Reinvestasi ke Infrastruktur
Gubernur menegaskan bahwa tambahan dana akan langsung dialokasikan untuk proyek infrastruktur yang dirasakan langsung oleh publik. Prioritas meliputi perbaikan jalan, peningkatan jaringan drainase, serta pembangunan trotoar yang aman. “Pajaknya harus melahirkan jalan mulus, drainase terurus, trotoar bagus,” ujar Dedi dalam konferensi pers pada 8 April 2026.
Reaksi Publik
Mayoritas pengguna kendaraan di Bandung, Bogor, dan sekitarnya menyambut baik kebijakan ini. Mereka melaporkan proses pembayaran menjadi lebih singkat dan tidak lagi harus mencari dokumen KTP lama yang sering hilang. Namun, di beberapa wilayah, terutama di Bekasi, masih terdapat kebingungan. Warga seperti Siti (56) mengaku belum memahami sepenuhnya syarat baru dan khawatir prosedur balik nama tidak tercakup dalam kebijakan.
Analisis Pakar
Pengamat kebijakan publik Kristian Widya (Universitas Parahyangan) menilai langkah Dedi Mulyadi tepat sebagai respons awal, namun menekankan pentingnya verifikasi prosedural yang jelas sebelum menonaktifkan pejabat Samsat. Azas Tigor Nainggolan, pakar transportasi, menyoroti lemahnya koordinasi internal antara pemerintah provinsi, Polda Metro Jaya, dan Korlantas Polri. Menurutnya, tanpa sinkronisasi yang kuat, kebijakan dapat menimbulkan celah administrasi dan menurunkan kepercayaan publik.
Hambatan di Bekasi
Samsat Kota Bekasi belum menerapkan kebijakan tersebut karena wilayahnya berada di bawah yurisdiksi Polda Metro Jaya. Kombes Pol Komarudin, Direktur Lalu Lintas Polda Metro Jaya, menyatakan masih menunggu kajian hukum dari Korlantas Polri. Sementara itu, masyarakat setempat menilai kebijakan belum jelas, terutama terkait kepemilikan kendaraan yang bukan atas nama pemilik pertama.
Langkah Ke Depan
- Memperkuat sosialisasi internal antarinstansi melalui rapat koordinasi rutin.

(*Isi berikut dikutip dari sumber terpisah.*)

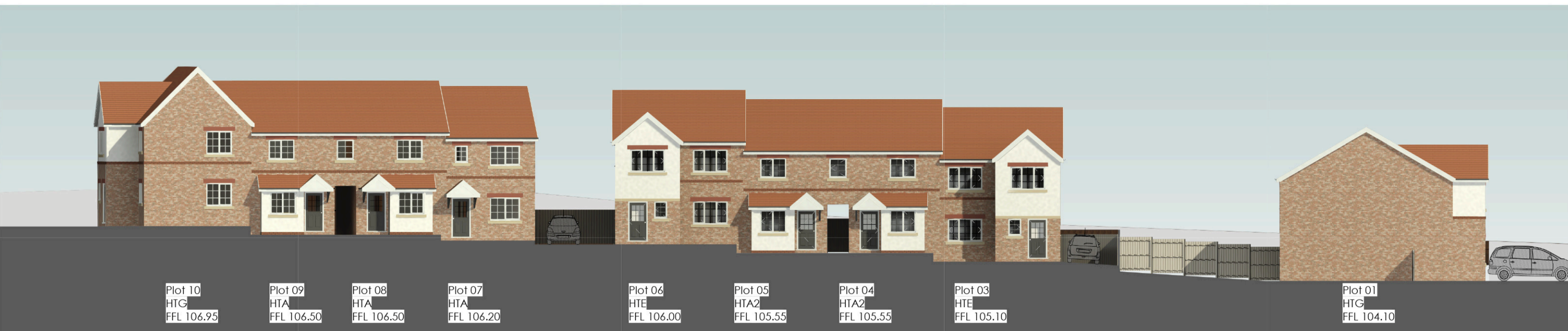
01 Section AA - Plots 01 - 10 1 : 200

- Mengeluarkan panduan operasional tertulis bagi petugas Samsat di seluruh kabupaten, termasuk yang berada di bawah kewenangan kepolisian.
- Melakukan audit kepatuhan secara berkala untuk memastikan tidak ada penyalahgunaan prosedur pembayaran tanpa KTP.
- Mengoptimalkan sistem digital dengan integrasi data STNK, SIM, dan basis data kepemilikan kendaraan.
- Memberikan pelatihan dan insentif bagi petugas yang berhasil meningkatkan layanan publik.
Secara keseluruhan, kebijakan bayar pajak kendaraan tanpa KTP di Jawa Barat telah terbukti meningkatkan pendapatan daerah dan mempermudah warga. Namun, tantangan koordinasi antar lembaga, khususnya di wilayah yang berada di luar otoritas langsung Pemprov, masih harus diatasi. Dengan langkah perbaikan yang tepat, potensi kebijakan ini untuk memperluas basis pajak dan mendukung pembangunan infrastruktur dapat terwujud secara optimal.